Returning to our example problem, we can see heatmaps of $\mathbf{A}^{(1)}$ and $\mathbf{A}^{(2)}$ alongside their Clarity estimates:

Looking at the figure above we can see that the Clarity estimate of ${\mathbf{A}^{(2)}}$ does not capture the third cluster that appears in the second graph and therefore should identify these nodes as anomalies.

## Comparison

We can use receiver operating characteristic (ROC) curves to assess the success of our two methods. Given a score (in our case either the distance between latent positions or persistences) it plots the false positive rate against the true positive rate for a sequence of thresh-holds. We can see the ROCs below for $d = 2,3,4,5,6$

We can see that in lower dimensions UASE outperforms Clarity, but the performance degrades over time. This becomes a common problem in real world applications where the best choice for $d$ is unknown. Clarity on the other hand, does not have the same power as UASE but is more robust to dimension. Another difference between the two methods is that by allowing changes in relationship in the model, it is designed to cope with the entire graph changing a little bit.

# Conclusion

We have now introduced two methods for identifying change and compared their performance in a simple example. One method produces stronger results overall but is much more sensitive to the choice of dimension than the other. My current research looks to investigate why Clarity succeeds in this area when many other methods fail, with the ultimate goal of using this knowledge to modify more powerful methods to also have this feature.

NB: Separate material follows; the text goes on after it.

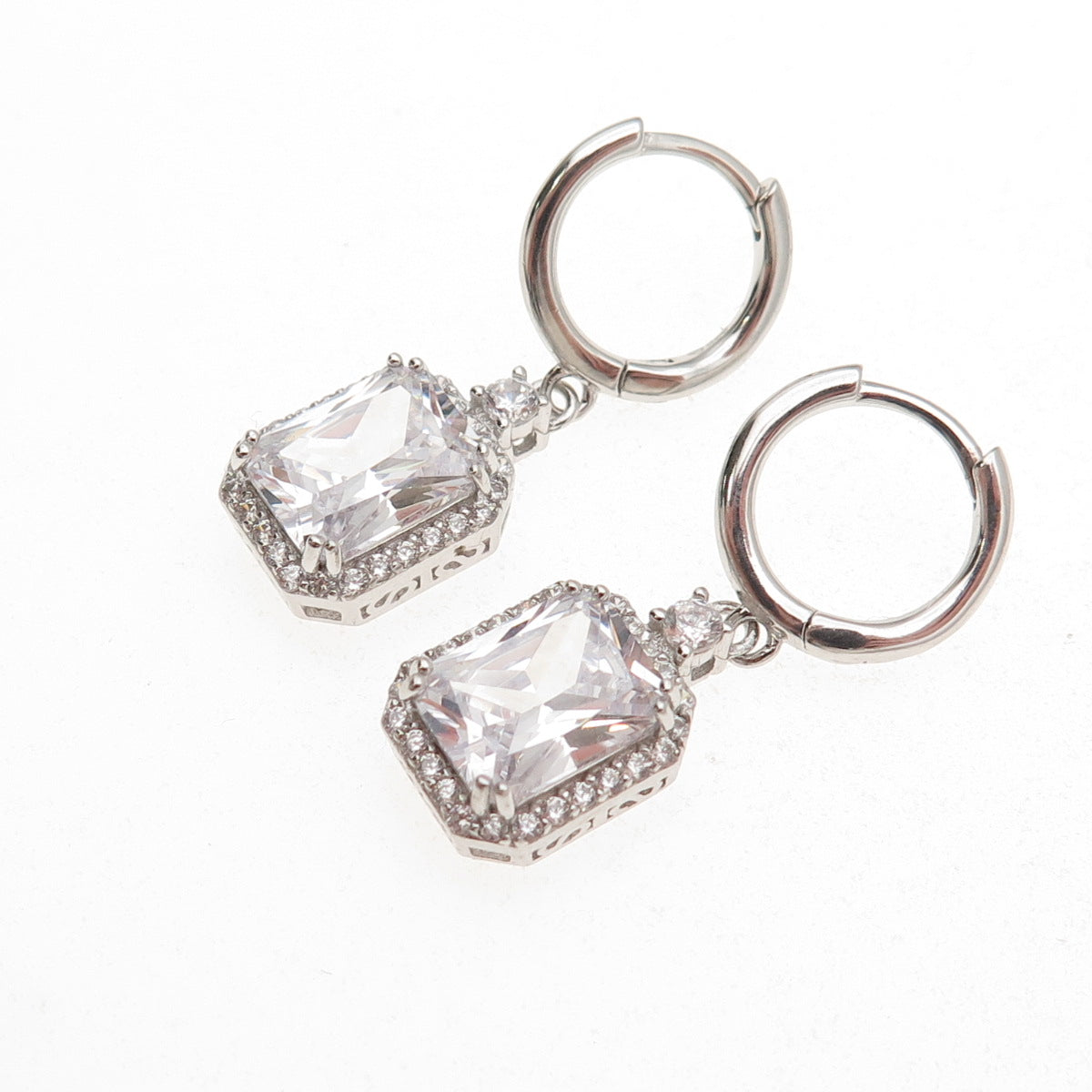 925 Sterling Silver Radiant & Round-Cut C Z Dangle Earrings

[1] Jones, A., & Rubin-Delanchy, P. (2020). The multilayer random dot product graph. *arXiv preprint arXiv:2007.10455*.

[2] Lawson, D. J., Solanki, V., Yanovich, I., Dellert, J., Ruck, D., & Endicott, P. (2021). CLARITY: comparing heterogeneous data using dissimilarity. *Royal Society Open Science*, *8*(12), 202182.

[3] Wikipedia contributors. (2024, June 11). Singular value decomposition. In *Wikipedia, The Free Encyclopedia*. Retrieved 09:54, July 1, 2024, from https://en.wikipedia.org/w/index.php?title=Singular_value_decomposition&oldid=1228566091

[4] Gallagher, I., Jones, A., & Rubin-Delanchy, P. (2021). Spectral embedding for dynamic networks with stability guarantees. *Advances in Neural Information Processing Systems*, *34*, 10158-10170.